Dans ce scénario barthésien de jeux déjà faits, comme Phèdre encore, l’amoureuse est dévorée par la jalousie : de l’interrogatoire de Cléone – « Dis-moi Cléone […] ne peux-tu donc pas me dire si quelque objet l’a frappé21 » (acte II, scène 5) –, en passant par l’affrontement du trio infernal Sapho, Phaon, Cléone, (acte III, scène 5), le drame de Sapho consiste à entrevoir une possibilité de bonheur, tout en sachant qu’il ne s’agit que de « feux qui égarent le voyageur dans le désert22 ». Cette configuration explique, sur un plan psychologique, l’oscillation du personnage entre la tendresse et la cruauté : c’est particulièrement visible quand se manifeste l’exigence de récupérer Phaon, à la scène première de l’acte IV, lorsque Sapho oscille entre jalousie et générosité.

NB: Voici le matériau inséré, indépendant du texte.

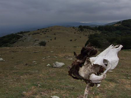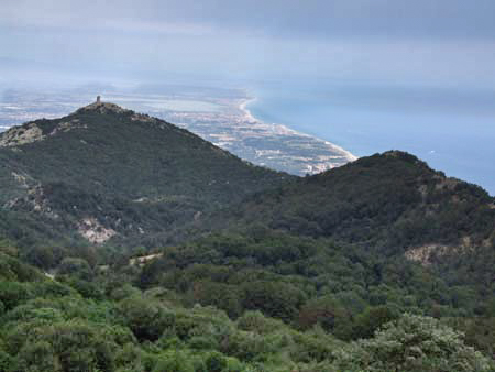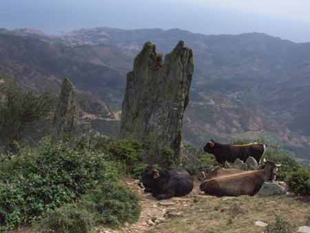 Belle étape, beaux paysages, étrange ambiance que ces vaches à cloches qui se détachent sur la mer bleue. Au loin, les alpages et les chaumes battus par les vents avec des hêtres centenaires puis la courbe de la côte méditerranéenne et la plaine entre elle et moi, plaine bien urbanisée … vraiment étrange, cet endroit !

À travers son personnage principal, la pièce exprime ainsi une ambivalence de fond : le duel que se livrent d’un côté la primauté de la nature amoureuse – « Ah ! j’étais née pour la gloire, et je succombe à l’amour 23 ! » –, et de l’autre le devoir de fidélité de l’écrivaine envers son génie ; c’est le sens de la maxime prononcée par Sapho – « seule la gloire nous affranchit du temps » (acte V, scène 1) –, maxime anticipée en quelque sorte par Phaon lui-même qui voit davantage en elle l’artiste que l’amante lorsqu’il évoque son « éloquence24 ». L’écriture du tragique est ici inséparable de l’écriture de l’amour : « Le secret de l’univers […] c’est l’amour et la mort ! Crois-tu que je ne connaisse pas l’un et l’autre ?25 » déclare Saphot à Alcée. Ainsi, fidèle à la légende saphique mais diversifiant et approfondissant tons et contenus, Germaine de Staël peint une Sapho délirante d’amour et à qui sa faculté d’autoanalyse confère un statut d’exception ; une Sapho dans toute la majesté de son désespoir, pour reprendre le mot de Starobinski26.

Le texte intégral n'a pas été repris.